▶ GIVEN INFORMATION:
========

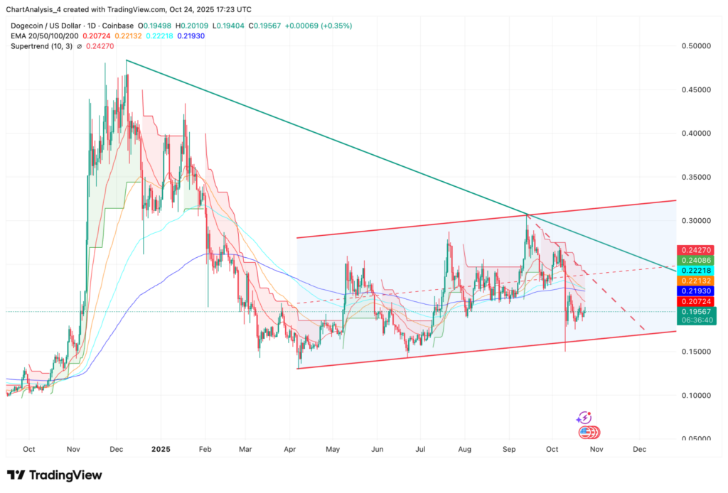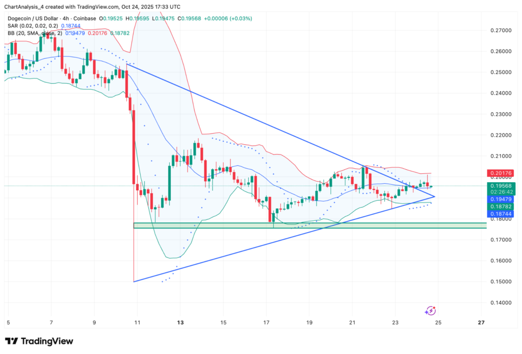 Le Dogecoin (CRYPTO: DOGE) se consolide autour de 0,195 $ après avoir échoué à maintenir ses gains au-dessus de 0,30 $ plus tôt en octobre, les graphiques techniques signalant qu’une cassure pourrait être imminente.
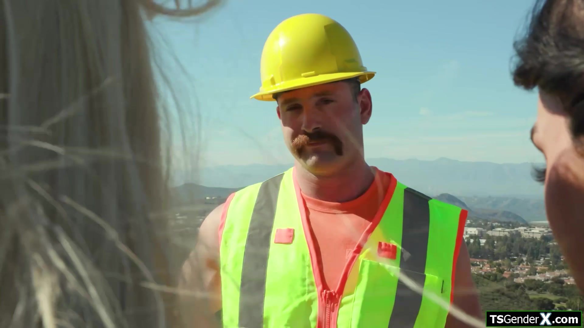Busty shemale Aubrey Kate and latin trans Avery Lust has set their eyes on a worker.The tgirls suck his cock and reveil their hard tranny dicks.He deepthroats them both.The brunette ts is bareback anal fucked while giving a bj to her transsexual gf
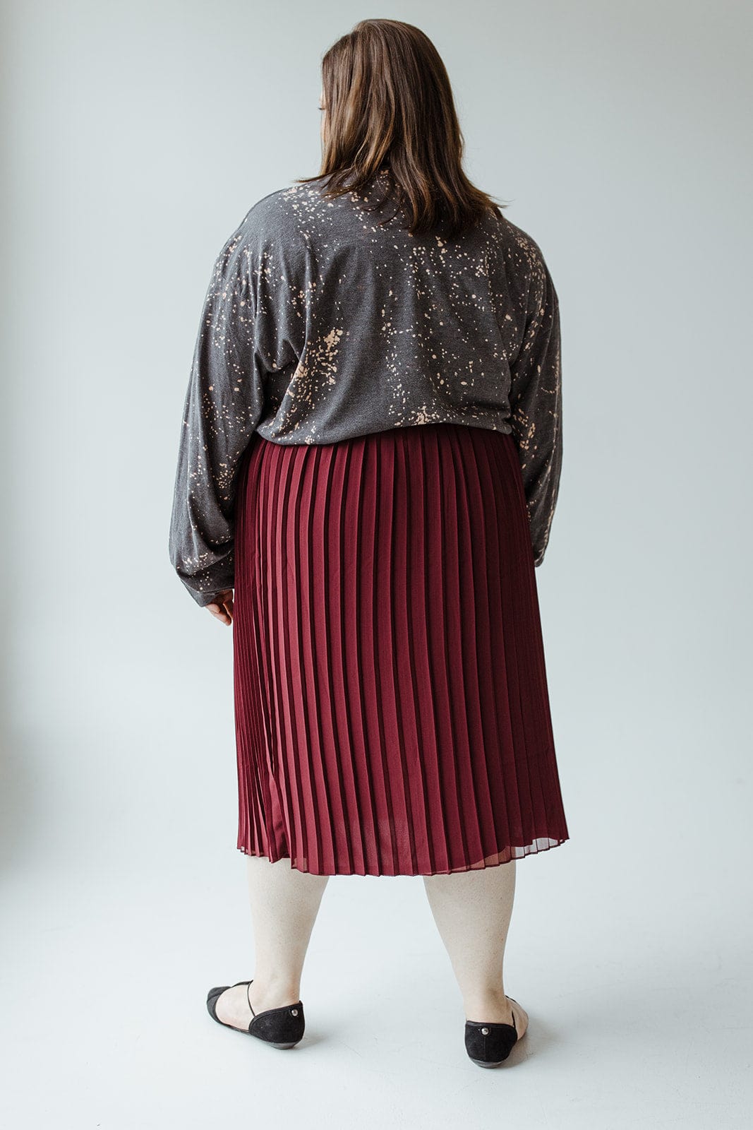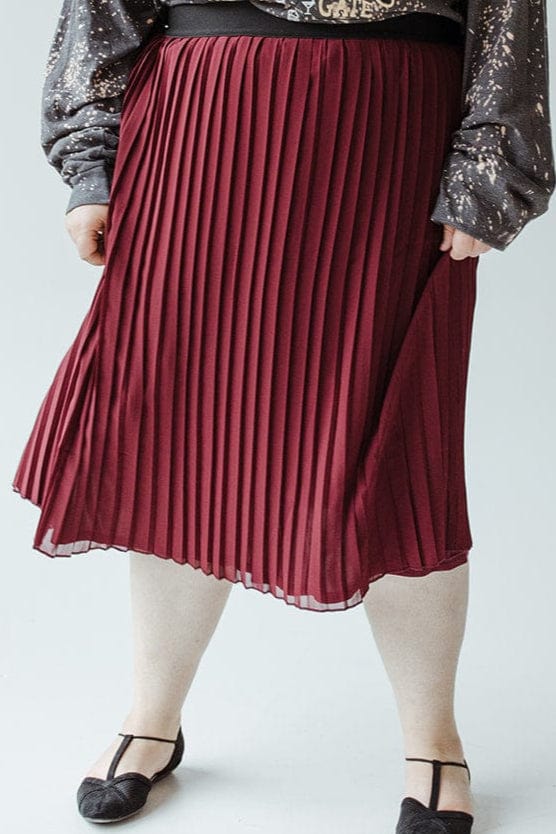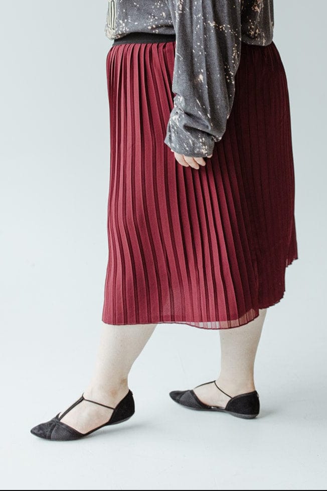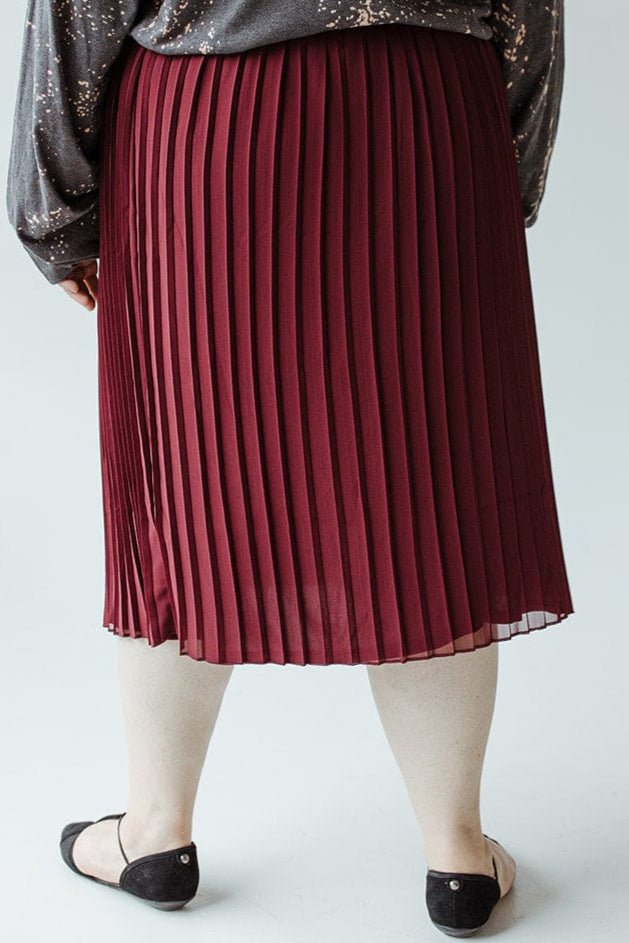 PLEATED MIDI LENGTH CHIFFON SKIRT IN BURGUNDY-1x

========

▶ WORK INSTRUCTION:
Omit the pictures, and quote the material above exactly as given.

▶ RESPONSE TO THIS EXERCISE:
 Le Dogecoin (CRYPTO: DOGE) se consolide autour de 0,195 $ après avoir échoué à maintenir ses gains au-dessus de 0,30 $ plus tôt en octobre, les graphiques techniques signalant qu’une cassure pourrait être imminente.
Busty shemale Aubrey Kate and latin trans Avery Lust has set their eyes on a worker.The tgirls suck his cock and reveil their hard tranny dicks.He deepthroats them both.The brunette ts is bareback anal fucked while giving a bj to her transsexual gf
 PLEATED MIDI LENGTH CHIFFON SKIRT IN BURGUNDY-1x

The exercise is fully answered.